Symptoms of a lower back muscle spasm

Tests that you can do to see if you have a muscle spasm in your lower back

  • Sit upright on a chair
  • Slowly lean forward as if to reach down to put on your shoes
  • Come back up into an upright seated position
  • Pain and tension in your lower back at any point during these movements may indicate that you have muscle pain and spasms in your lower back
  • Stand comfortably with your feet slightly apart and arms hanging next to your sides
  • Bend sideways to one side
  • Slowly bend as far as you can go and come back up
  • Repeat this movement to the other side
  • Pain or tension in your lower back at any point during this movement may indicate a muscle pain and spasms in your lower back
  • Stand comfortably with your feet slightly apart and your arms next to your sides
  • Turn your upper body to one side as far as you can go (almost like you want to reach the back of your leg with your hand)
  • Repeat this movement to the other side
  • Pain or tension in your lower back may indicate muscle pain and spasms in your lower back
  • Stand comfortably with your feet slightly apart
  • Try to tilt your pelvis back, flattening your lower back
  • Keep your lower back and the rest of your back as flat and straight as possible while slowly bending forward
  • Bend as far as you can and come back up, while keeping your back as flat and as straight as possible
  • If you feel pain or tension in your lower back or even an inability to control the movement, you could have muscle pain and spasms in your lower back

How severe is the muscle spasm in my lower back?

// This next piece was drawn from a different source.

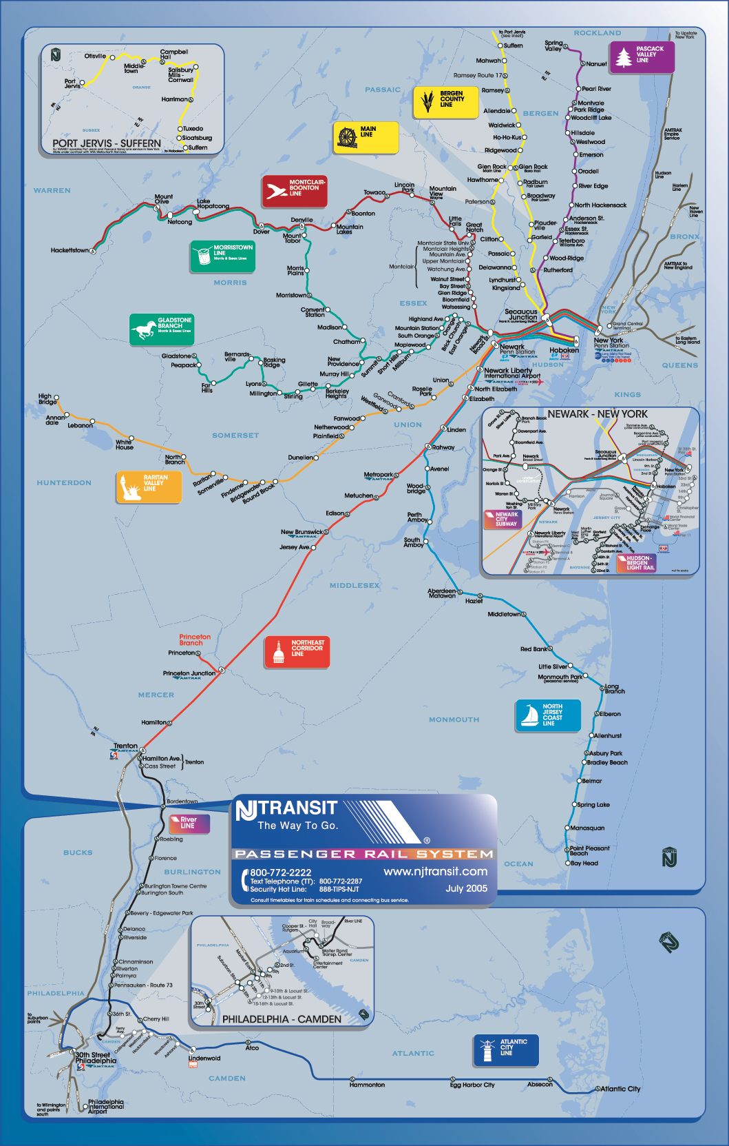 Схема движения пригородных поездов на юг, запад и север от Нью-Йорка. (Источник: http://www.njtransit.com/images/railmap05.jpg)

There is no specific grading for the severity of a muscle spasm. A good way to determine the severity of the muscle spasm in your lower back, is to look at how much it is influencing your life. Are you able to bend, sit, get up to stand, walk, run or exercise? A severe lower back muscle spasm is so disabling that simply putting on pants will be excruciating.

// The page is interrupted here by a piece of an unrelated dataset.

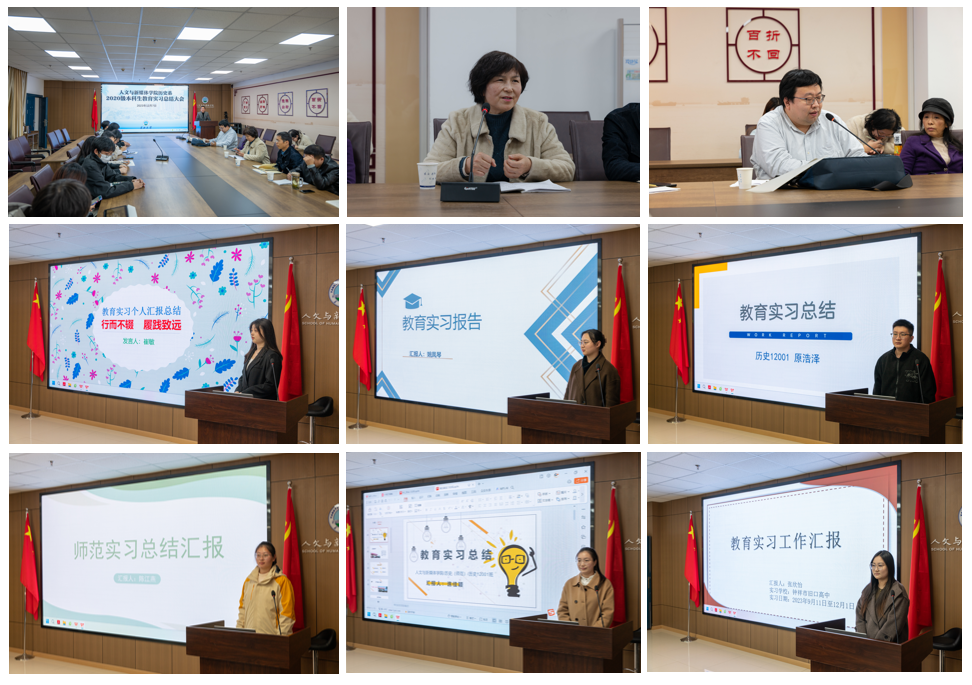 (通讯员 熊柳苏)“教育实习”是师范教育重要环节之一,是全面提升学生师范技能的实践课程。12月7日下午,历史系在学院705会议室召开2020级本科师范教育实习总结大会。教师李义芳、桑俊、周中梁、赵标、王谷、向会斌、李芳、徐伟,以及2020级全体本科生参加了会议。会议由卢川主持。

It starts with a muscle spasm, but could get worse

If the load placed on your lower back muscles is too excessive, the muscles won’t be able to hold the contraction. Standing stooped over a box while you sort through some things will cause the muscles in your lower back to get tired. Your back muscles are now forced to contract while being overstretched and this makes them vulnerable to injury. This combination of muscle fatigue and overload may lead to a muscle spasm at first. This spasm is to warn you to not push any further. Pushing through it leads to a muscle strain.

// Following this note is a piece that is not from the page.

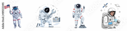 © Reno, Fototapeta premium Astronaut characters vector set depicting space missions, repair work, thumbs up for success, and technology use, isolated on a white background.

What is the difference between a muscle spasm and a muscle strain?

muscle strain is an injury that leads to tears in the muscle tissue and a muscle spasm is a continued, involuntary contraction of a muscle. Muscle spasms usually serves as a warning for you to stop doing what you’re doing because it could lead to a muscle strain. Lower back muscle spasms can ease with the right treatment, whereas a muscle strain is a tear in the muscle that needs to heal with time.

Grading of a muscle strain:

• Grade 1: A small amount of micro tears occur within the muscle. It usually presents as stiffness rather than pain.
• Grade 2: A large number of micro tears occur, causing a partial tear of the whole muscle. It is painful to move or stretch the muscle.
• Grade 3: The muscle tears along a large area or tears completely. This is the most severe muscle strain that you can get. This degree of muscle strain will cause intense sharp pain and even the slightest movement or stretch will cause severe pain.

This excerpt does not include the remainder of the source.